Early Follow-up Observations and Doubts About Fomalhaut B
In the discovery paper, Kalas and Graham suggested that Fomalhaut b's emission originates from two sources: from circumplanetary dust scattering starlight and from planet thermal emission. Here, the former explains most of the 0.6 µm brightness and planet thermal emission contributes to much of the 0.8 µm brightness. Their non detections with ground-based infrared data suggested that Fomalhaut b had to be less massive than about 3 Jupiter masses.

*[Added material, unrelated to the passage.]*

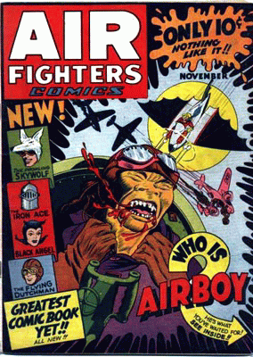 Just so you know not every new publisher had a major success at this time. Some published moderate selling comics and managed to stay in business for years and years. Others simply were a flash in the pan. Among the mix of small to medium sized publishers were Hillman Periodicals (Miracle Comics #1 - 2/40), Novelty Publications aka Curtis Publishing Company (Target Comics #1 - 2/40), Prize Publications (Prize Comics #1 - 3/40), Columbia Comics Group (Big Shot Comics #1 - 5/40), Ace Magazines (Sure-Fire Comics #1 - 6/40). Some of these companies did make significant contributions though. Hillman Publications produced a character called Air Boy in Air Fighters Comics #2 whom would stay in print for a long time and even come back during the 80's. In Air Fighters Comics #3 would appear The Heap, comics first "muck monster." He would inspire many monster style superhero characters in the future.

However, Fomalhaut b should be detectable in the space-based infrared data in this scenario. But sensitive infrared Spitzer Space Telescope observations failed to detect Fomalhaut b, implying that Fomalhaut b does identify emission from a planet atmosphere. Furthermore, although the planet was thought to be a plausible explanation for Fomalhaut's eccentric debris ring, the measurements in Kalas and Graham's paper implied it was moving too fast (i.e. not apsidally aligned) for this explanation to work. Finally, researchers analyzing September–October 2011 Atacama Large Millimeter Array (ALMA) data for Fomalhaut's debris ring suggested an alternate hypothesis: that the ring is shaped by much smaller, shepherding planets neither of which needed to be Fomalhaut b. These results lead to serious doubts about Fomalhaut b's claimed properties, its status as a planet and even its existence.